Inhibitors of receptor-mediated endocytosis block the entry of Bacillus anthracis adenylate cyclase toxin but not that of Bordetella pertussis adenylate cyclase toxin.

作者信息

Gordon V M, Leppla S H, Hewlett E L

机构信息

Department of Pharmacology, University of Virginia School of Medicine, Charlottesville 22908.

出版信息

Infect Immun. 1988 May;56(5):1066-9. doi: 10.1128/iai.56.5.1066-1069.1988.

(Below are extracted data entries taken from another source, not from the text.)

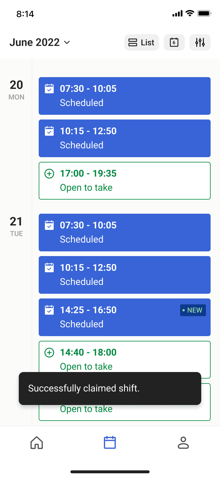 We observed that workers often claimed multiple shifts, which led to planning challenges, especially for popular shifts. In practice, shift swaps frequently happened last minute through external tools like WhatsApp.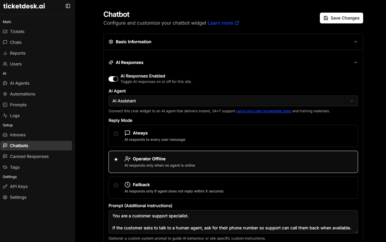 - Operator Offline - AI responds only when human agents are unavailable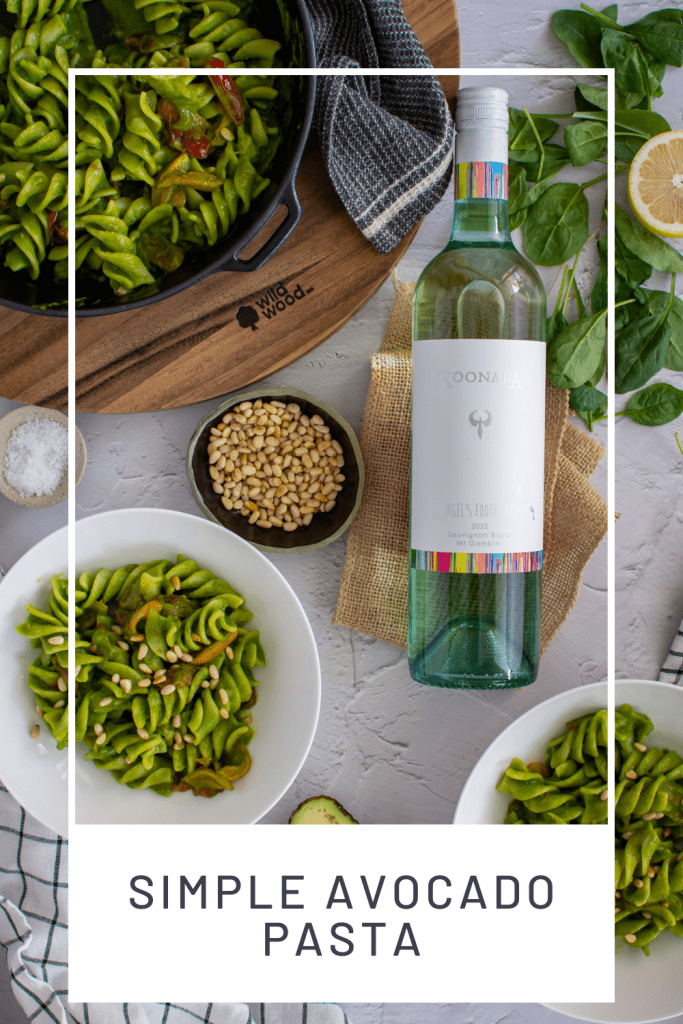Well, we have made a vegetarian/vegan pasta dish so it only seems fitting to find the best vegan wine we can to work with this delicious simple avocado pasta recipe. Luckily for us, my friends over at Koonara have such a drop! The Angels Footprints 2022 Sauvignon Blanc works an absolute treat!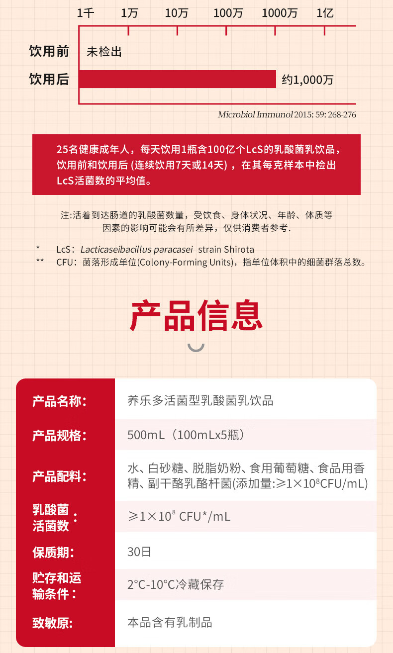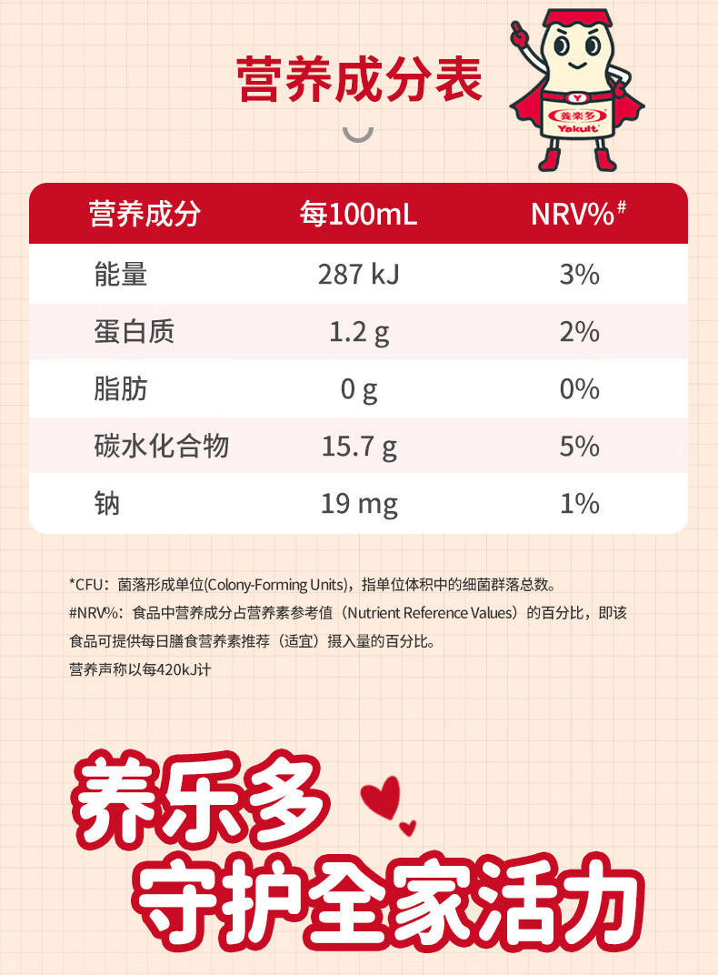 养乐多活菌型乳酸菌乳饮品 原味红瓶100ml*5瓶*4

DOI:10.1128/iai.56.5.1066-1069.1988
PMID:2895741
原文链接:https://pmc.ncbi.nlm.nih.gov/articles/PMC259763/
Abstract

Bordetella pertussis and Bacillus anthracis produce extracytoplasmic adenylate cyclase toxins (AC toxins) with shared features including activation by calmodulin and the ability to enter target cells and catalyze intracellular cyclic AMP (cAMP) production from host ATP. The two AC toxins were evaluated for sensitivities to a series of inhibitors of known uptake mechanisms. Cytochalasin D, an inhibitor of microfilament function, abrogated the cAMP response to B. anthracis AC toxin (93%) but not the cAMP response elicited by B. pertussis AC toxin. B. anthracis-mediated intoxication of CHO cells was completely inhibited by ammonium chloride (30 mM) and chloroquine (0.1 mM), whereas the cAMP accumulation produced by B. pertussis AC toxin remained unchanged. The block of target cell intoxication by cytochalasin D could be bypassed when cells were first treated with anthrax AC toxin and then exposed to an acidic medium. These data indicate that despite enzymatic similarities, these two AC toxins intoxicate target cells by different mechanisms, with anthrax AC toxin entering by means of receptor-mediated endocytosis into acidic compartments and B. pertussis AC toxin using a separate, and as yet undefined, mechanism.

摘要

百日咳博德特氏菌和炭疽芽孢杆菌产生胞外腺苷酸环化酶毒素(AC毒素),它们具有共同特征,包括被钙调蛋白激活以及进入靶细胞并催化从宿主三磷酸腺苷(ATP)产生细胞内环状单磷酸腺苷(cAMP)的能力。对这两种AC毒素进行了一系列已知摄取机制抑制剂的敏感性评估。细胞松弛素D是一种微丝功能抑制剂,它消除了对炭疽芽孢杆菌AC毒素的cAMP反应(93%),但没有消除百日咳博德特氏菌AC毒素引发的cAMP反应。氯化铵(30 mM)和氯喹(0.1 mM)完全抑制了炭疽芽孢杆菌介导的对中国仓鼠卵巢(CHO)细胞的中毒作用,而百日咳博德特氏菌AC毒素产生的cAMP积累保持不变。当细胞先用炭疽AC毒素处理,然后暴露于酸性培养基中时,细胞松弛素D对靶细胞中毒的阻断作用可以被绕过。这些数据表明,尽管这两种AC毒素在酶学上有相似之处,但它们通过不同机制使靶细胞中毒,炭疽AC毒素通过受体介导的内吞作用进入酸性区室,而百日咳博德特氏菌AC毒素则使用一种单独的、尚未明确的机制。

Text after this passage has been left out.